Ooooh! Cat topic. I love cats!
We have a flame point, but I'm never sure if Flame Point is Siamese or Himalayan. I don't have a picture of him but he is short-haired and blue-eyed and the sweetest cat you've ever seen! Here is a photo off the net of a cat that looks almost exactly like him:
OK, gotta tell you his story. I was at the vets with one of my other cats and waiting for the doctor to be able to see me. The whole waiting room was sort of keyed in on this one guy. He had brought his cat in because she had one baby and then had some kind of stroke or heart attack. Anyway, the vet came to tell him that the mother cat died. Why he did this in the waiting room, I don't know, they always bring me into a private room to discuss things like that, but anyway, there we all were hearing that this guy's cat had died. So, what to do about the newborn baby?

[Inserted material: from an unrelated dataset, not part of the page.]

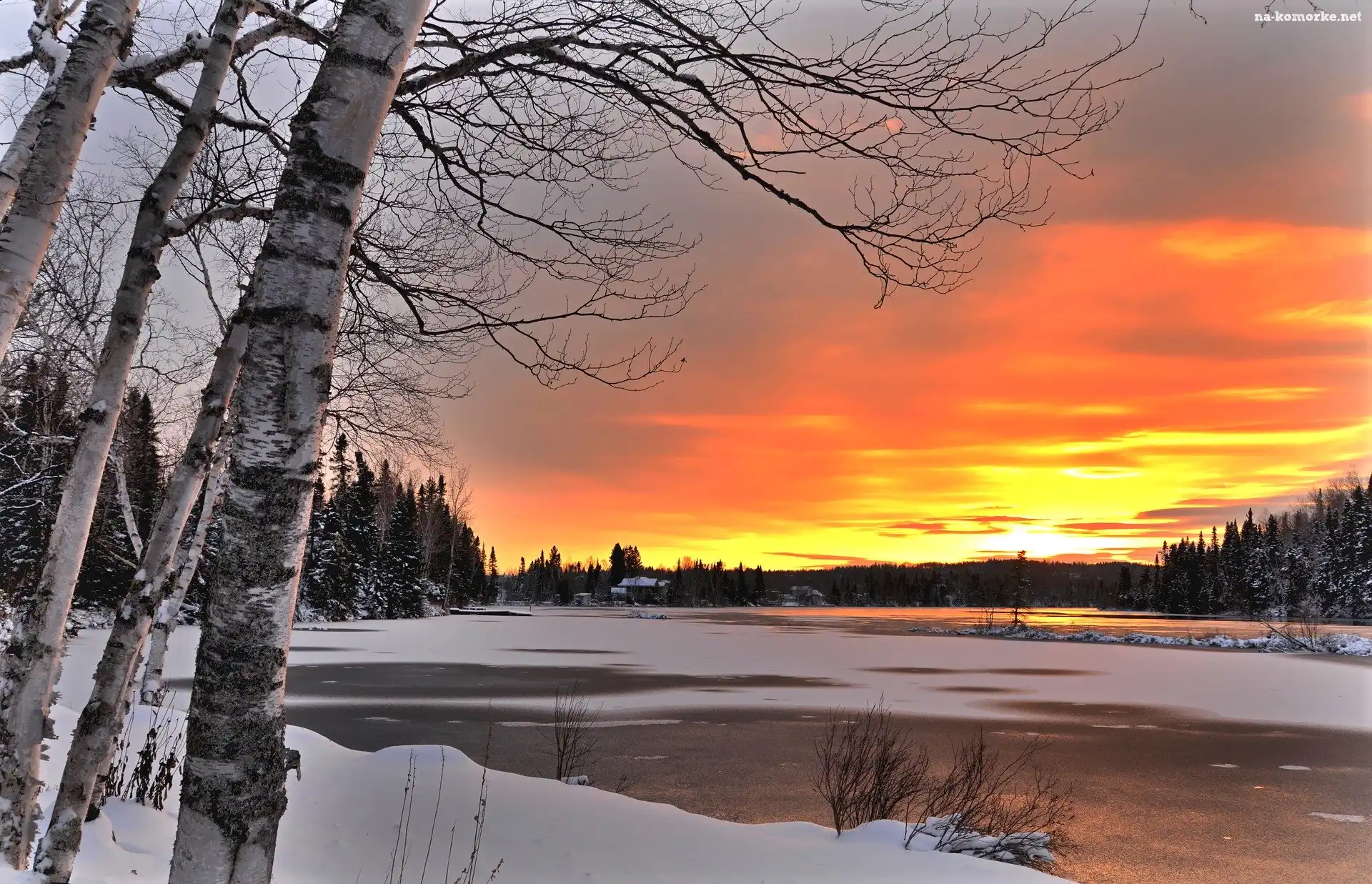 Las, Zima, Zachód słońca, Jezioro, Brzozy na Komórkę

The vet explained that unless someone was willing to feed the baby around the clock, there would be no chance of it's surviving. Even with someone bottle feeding it, it's chances of survival was quite slim. The guy said that there was no way he could do it, he was a working man. We all felt so bad about this poor orphaned kitten, and the receptionist looked at me and said, "What about you, Dora? You love kitties?" I said I had substitute jobs lined up for the next two weeks and would be unable to do it either. Just then, who should walk in the door for a completely unrelated reason, but the woman who directs the local pet adoption league. Immediately everyone asks if the P.A.L. would take the kitten. She said that they were full with cats but if there was someone who promised to adopt the kitten, she would arrange feeding for it until it could eat on it's own. For some reason, everyone looks at me. Well, my daughter tends to appropriate all furry things as her own, so I figured my son could use his very own pet. The woman from P.A.L. warned me not to say anything to my son as the kitten probably wouldn't survive being bottle fed from birth. I gave her my phone number and told her that if she would find someone who could at least try to keep it alive, I promised to adopt it. Then they brought the kitten in. It was soooo tiny, it could fit right in the palm of my hand and I have small hands and it was completely white. But, boy it had that Siamese yowl and it was yowling for all it's little life was worth, poor baby.

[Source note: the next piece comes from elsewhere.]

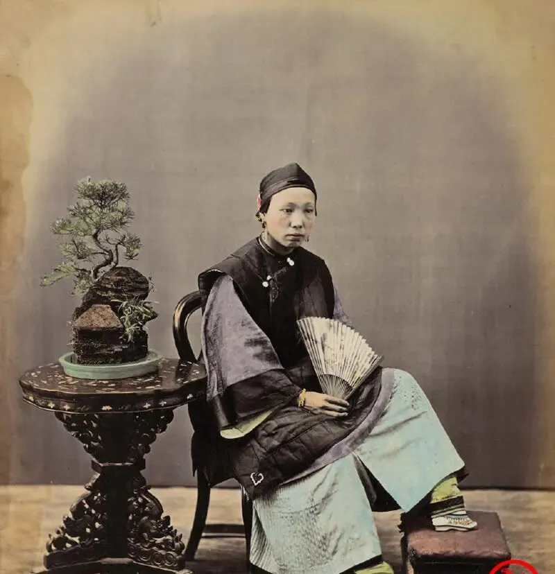 这位坐着团椅的女子,图中这只小脚就叫三寸金莲,特意搁在脚凳上让你看个明白,绣鞋尖尖翘起,鞋面压着细细暗纹,衣襟是黑缎滚边,手里把着折扇,她眼神淡淡的,不爱多说话的样子,妈妈叹口气说这脚走不了几步,出门得人扶着,好看是好看,遭的也是罪。

Well, I collected Miranda, my tortishell went home and didn't say a word about it, especially not to my husband who probably would have grumped about the possibility of a 4th cat in the house. The chances were so overwhelming the poor little thing wouldn't make it, I figured if it did, I would somehow explain to Steve why I promised to adopt another cat without talking it over with him. (Hey, he's a push-over for cats as well and it's not like we don't have plenty of room on our 50 acres out in the middle of nowhere.)
In about 3 weeks, sure enough, there was a phone call from the lady from P.A.L. She told me that after she had left the vets that day, she took the kitten over to the League in order to try to find someone who could feed it. But, when she got there, she found out that someone had been in that very afternoon and dropped off a mother cat with newborn kittens. She put the kitten in with the mother, just to see if the mother would accept it, and sure enough she did. So, there was no need to arrange for a feeder, the little guy just fit right in with the other kittens and thrived.
That was last May and now he looks just like the picture above. He's such a sweetie and my son loves his "Snowball". (He was still pure white when we brought him home.) As for Steve, he made husband sounding noises but he truly didn't mind and it was just about 3 weeks after we brought Snowball home that he dragged home a little polydactylous Maine Coon kitten that a friend was trying to find a home for.